Protein databases may not always be easily accessible or usable through the Internet. Sometimes a database server may be down or the Internet connection may be interrupted. For a frequent user, it may be worthwhile to install the database on a local machine. On the other hand, it must be kept in mind that a mirror site or a local copy may contain an older version of the database than the one on the home server.
It is important to assess the quality of the data. There are three types of data in protein databases. (1) Experimental data are generally very reliable. However, some entries may contain errors (e.g., some protein sequences) or may be based on low-resolution data (e.g., some protein structures determined by NMR). (2) Annotation data uses computational techniques on experimental data, for example, secondary structure assignment and domain partition in structure. These data depend on the quality of the experimental data and the computational methods used. Different methods may yield different results. (3) Prediction data includes, for example, sequence domain parsing and three-dimensional structure prediction. No matter how good the method, the results are still predictions and should be subjected to experimental verification. In addition, different methods typically give different predictions.

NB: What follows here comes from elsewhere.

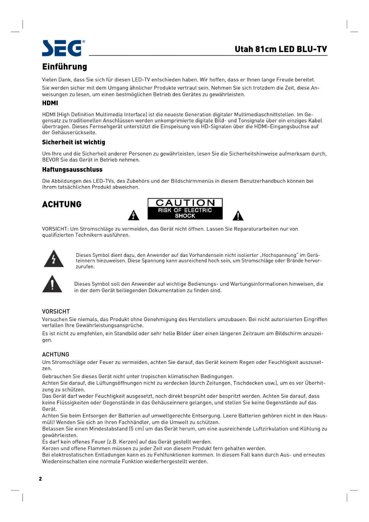 - Garantie Utah 81cm LED BLU-TV Einführung Vielen Dank, dass Sie sich für diesen LED-TV entschieden haben. Wir hoffen, dass er Ihnen lange Freude bereitet. Sie werden sicher mit dem Umgang ähnlicher Produkte vertraut sein. Nehmen Sie sich trotzdem die Zeit, diese An- weisungen zu lesen, um einen bestmöglichen Betrieb des Gerätes zu gewährleisten. HDMI HDMI (High Denition Multimedia Interface) ist die neueste Generation digitaler Multimediaschnittstellen. Im Ge- gensatz zu traditionellen Anschlüssen werden unkomprimierte digitale Bild- und Tonsignale über ein einziges Kabel übertragen. Dieses Fernsehgerät unterstützt die Einspeisung von HD-Signalen über die HDMI-Eingangsbuchse auf der Gehäuserückseite. Sicherheit ist wichtig Um Ihre und die Sicherheit anderer Personen zu gewährleisten, lesen Sie die Sicherheitshinweise aufmerksam durch, BEVOR Sie das Gerät in Betrieb nehmen. Haftungsausschluss Die Abbildungen des LED-TVs, des Zubehörs und der Bildschirmmenüs in diesem Benutzerhandbuch können bei Ihrem tatsächlichen Produkt abweichen. ACHTUNG VORSICHT: Um Stromschläge zu vermeiden, das Gerät nicht öffnen. Lassen Sie Reparaturarbeiten nur von qualizierten Technikern ausführen. Dieses Symbol dient dazu, den Anwender auf das Vorhandensein nicht isolierter „Hochspannung“ im Gerä- teinnern hinzuweisen. Diese Spannung kann ausreichend hoch sein, um Stromschläge oder Brände hervor- zurufen. Dieses Symbol soll den Anwender auf wichtige Bedienungs- und Wartungsinformationen hinweisen, die in der dem Gerät beiliegenden Dokumentation zu nden sind. VORSICHT Versuchen Sie niemals, das Produkt ohne Genehmigung des Herstellers umzubauen. Bei nicht autorisierten Eingriffen verfallen Ihre Gewährleistungsansprüche. Es ist nicht zu empfehlen, ein Standbild oder sehr helle Bilder über einen längeren Zeitraum am Bildschirm anzuzei- gen. ACHTUNG Um Stromschläge oder Feuer zu vermeiden, achten Sie darauf, das Gerät keinem Regen oder Feuchtigkeit auszuset- zen. Gebrauchen Sie dieses Gerät nicht unter tropischen klimatischen Bedingungen. Achten Sie darauf, die Lüftungsöffnungen nicht zu verdecken (durch Zeitungen, Tischdecken usw.), um es vor Überhit- zung zu schützen. Das Gerät darf weder Feuchtigkeit ausgesetzt, noch direkt besprüht oder bespritzt werden. Achten Sie darauf, dass keine Flüssigkeiten oder Gegenstände in das Gehäuseinnere gelangen, und stellen Sie keine Gegenstände auf das Gerät. Achten Sie beim Entsorgen der Batterien auf umweltgerechte Entsorgung. Leere Batterien gehören nicht in den Haus- müll! Wenden Sie sich an Ihren Fachhändler, um die Umwelt zu schützen. Belassen Sie einen Mindestabstand (5 cm) um das Gerät herum, um eine ausreichende Luftzirkulation und Kühlung zu gewährleisten. Es darf kein offenes Feuer (z.B. Kerzen) auf das Gerät gestellt werden. Kerzen und offene Flammen müssen zu jeder Zeit von diesem Produkt fern gehalten werden. Bei elektrostatischen Entladungen kann es zu Fehlfunktionen kommen. In diesem Fall kann durch Aus- und erneutes Wiedereinschalten eine normale Funktion wiederhergestellt werden.3 Utah 81cm LED BLU-TV p. 262

While protein databases on the Internet become indispensable resources for studying proteins, caution is needed when using the data from databases to draw a conclusion. The qualities of databases vary significantly. Some databases are not well maintained and contain obsolete information. It is not rare to see some protein databases disappear after a few years. In addition, the data in some databases are not carefully validated and may not be reliable. It is worthwhile to check the same type of data from different databases and compare them. It is sometimes necessary to use additional computational tools (e.g., tools to assess the quality of a structure) for further analysis.
INTERNET RESOURCES
The Web addresses of the databases mentioned in this unit are listed in Table 19.4.1. Readers can find more protein databases and related bioinformatics tools in the following Web pages, which collect a large number of useful links:
http://bioinformatics.ca/links_directory/ (Bioinformatics Links Directory)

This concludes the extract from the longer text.